On Saturday, Hubby asked where we might go to church the next day. We settled on the farmer’s market — a bit of grim humor; in fact, we didn’t go — because the church options nearby are so unappealing, particularly when compared with the life and energy I see among those looking for organic greens and apples. To recap, we want a Christian church that is institutionally and spiritually healthy, has an identifiably historic liturgy and supports us as a gay couple to the highest level of its own polity. Good luck.
Yet despite our unchurched estate, I think we’re devout Christians, and from that faith make many small and large decisions. The odd or sad fact is that the lack of a church is less of an impediment that I thought it would be.

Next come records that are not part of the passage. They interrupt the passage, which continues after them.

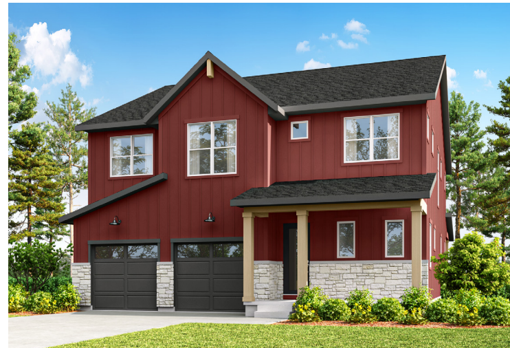
ELEVATION A (FARMHOUSE)

2,975 Sq. Ft. Finished Above Ground 978 Sq. Ft. Unfinished Basement 4-6 Bedrooms 3.5-4.5 Bathrooms 3 Car Garage
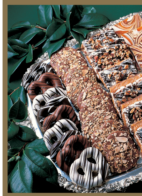
Pretzels, Almond Toffee, Rocky River
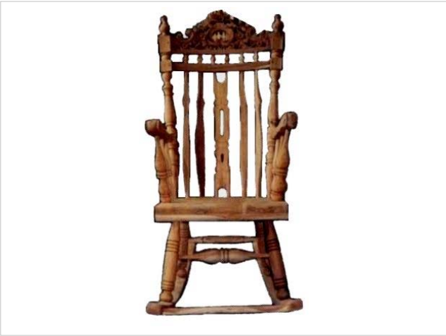
CODE: EB - 046 ROCKING CHAIR SIZE: W 50 x D 110 x H 125 (cm)
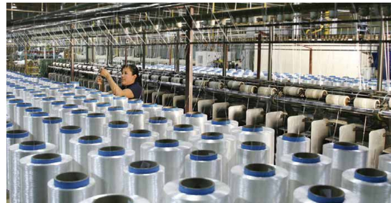
The ring twister combines multiple piles of high tenacity filament polyester yarns.
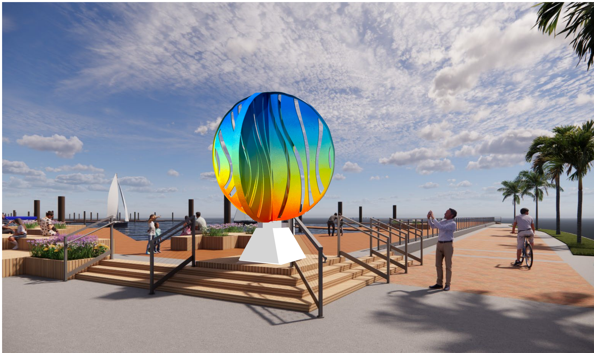
Cecilia Lueza Art Projects 2025
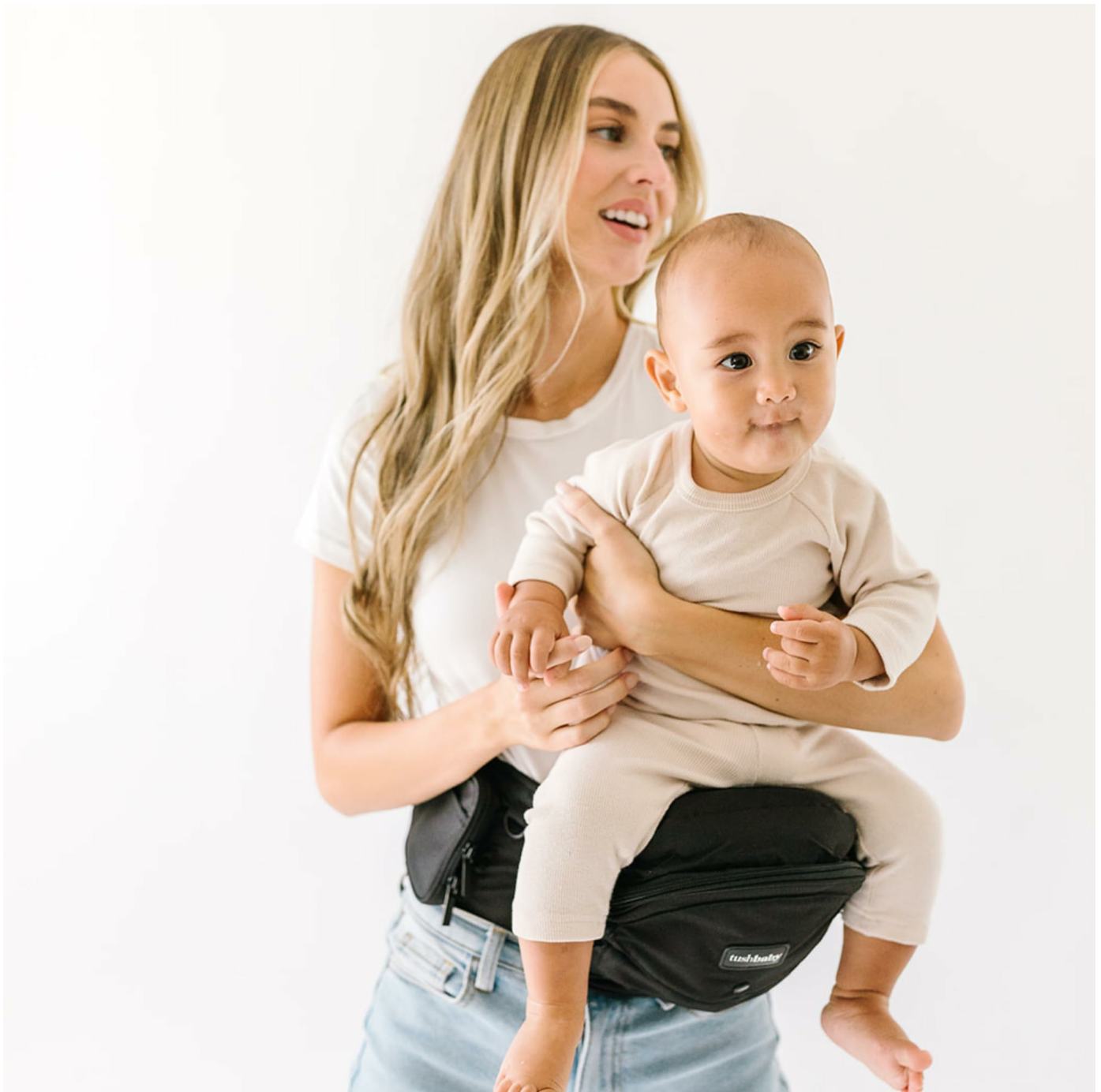
Image: The Tushbaby Original Hip Seat Baby Carrier in black, showcasing its design and adjustable features.
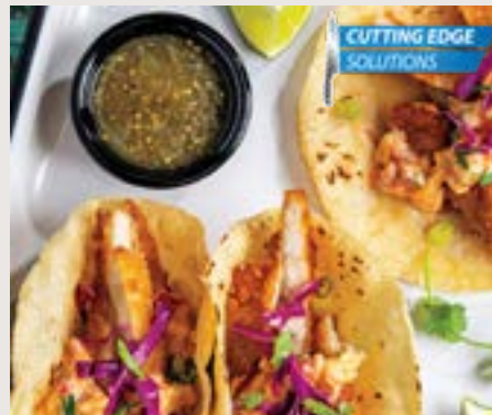
Southern Crispy Chicken Tacos
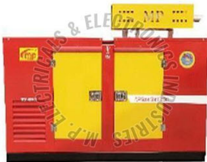
MP 20 KVA THREE PHASE DOUBLE CYLINDER SILENT GENERATOR
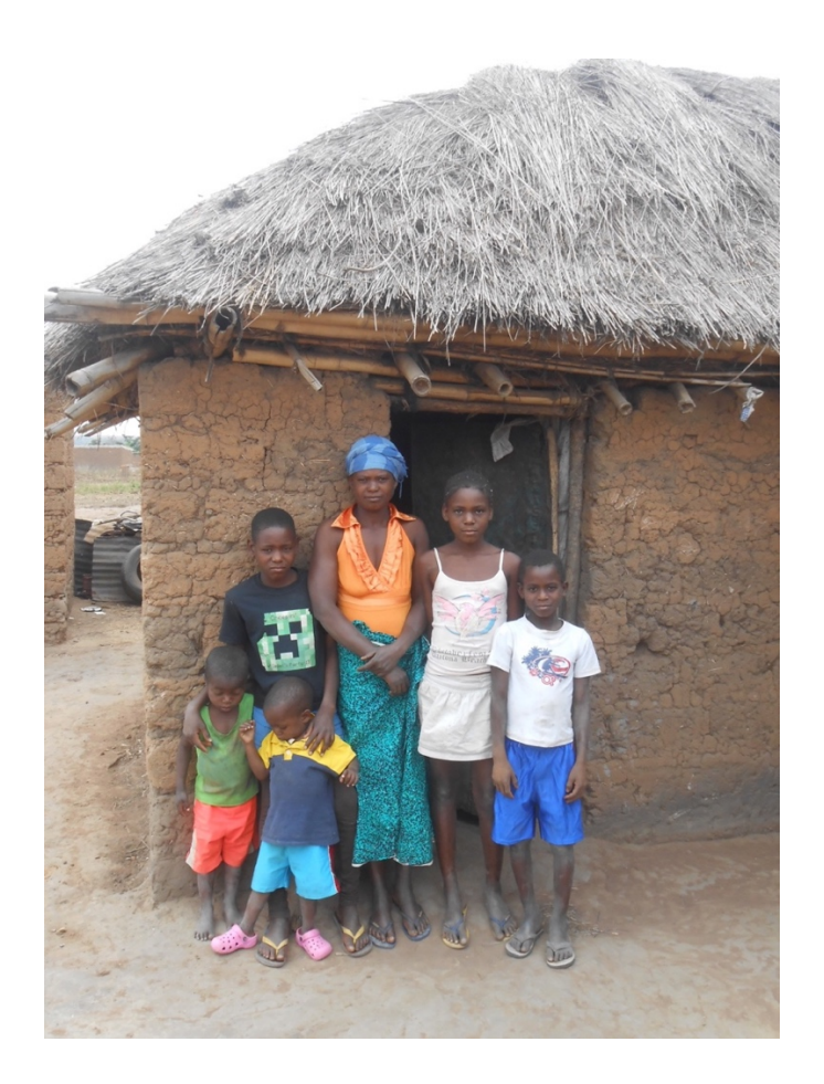
Woman with her children.
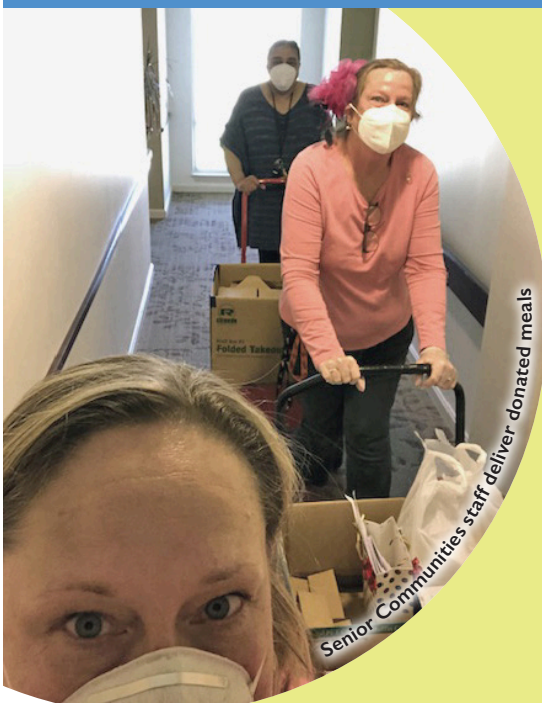
Senior Communities staff deliver donated meals
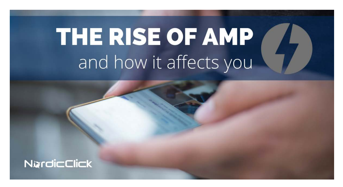
The Rise of AMP & How It Affects You

Google aims to provide the best experience for mobile searchers. Learn how their AMP technology helps and whether it may be a good fit for your website.
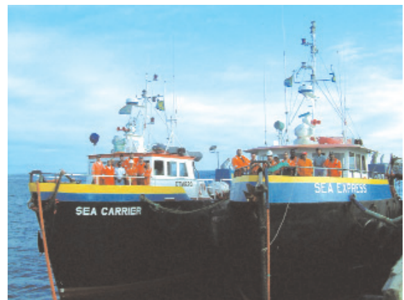
Efficient and timeous response to client scheduling is what makes our supply service so effective.

We provide logistic and support services to the offshore oil and mining industries in Southern Africa. Support is provided for oil exploration, production and anchor handling activities for work on the oil and gas fields south of Mossel Bay. Supply services to the offshore mining industry are provided out of Port Nolloth on the South African west coast and out of Cape Town. We provide that critical link between onshore and offshore operations where effective scheduling, operational efficiency and the ability to respond to our customers' needs timeously make us a sought after service provider.
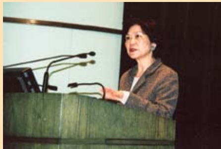
Chan Heng Chee, Ambassador of the Republic of Singapore to the United States

Chan Heng Chee , Ambassador of the Republic of Singapore to the United States, formerly Professor of Political Science at National University of Singapore, spoke on U.S.-ASEAN relations in February 2006. This event was co-sponsored with Singapore Students Association.

So it was quite a solace to know that this is hardly a twenty-first century phenomenon, or evidence of selfishness or some defect of loyal churchmanship. Consider this passage from no less a liberal Christian (and Unitarian fellow-traveler) than James Martineau, in his 1869 “The New Affinities of Faith: a Plea for Free Christian Union“:
Persons affected by these influences [of religious controversy] are ill at ease in their ecclesiastical home, and find their love for it tried by many an uncongenial word or usage. . . . They may very possibly have come to no conscious breach with their inherited orthodoxy, or at least have retained enough of it to save them from any direct transfer of allegiance. But it has ceased to be a religious essential, and has descended to the rank of personal opinion . . . .
Those who suffer from this over-legislation in matters of belief, may be divided into three different classes : —
1. Some have found the strain put upon their conscience intolerable, and become exiles from all religious association. They remain alone, and tell their deepest thought to none ; or gather into private knots, and whisper the secret of their divinest life as if it were a scandal or a sin. They are wanderers unattached, not from any churlish indifference to fellowship in spiritual things, but because they cannot have it without engagements which they dare not take.
2. Others hope for a reform from within their own church ; and, while labouring towards the hour of relief, endure as they best can what is repugnant to their convictions. . . .
Martineau’s experiment flourished for about a generation and was later absorbed into the General Assembly of Unitarian and Free Christian Churches — the Free Christian part of course — and wonder today what of its spirit speaks to us today.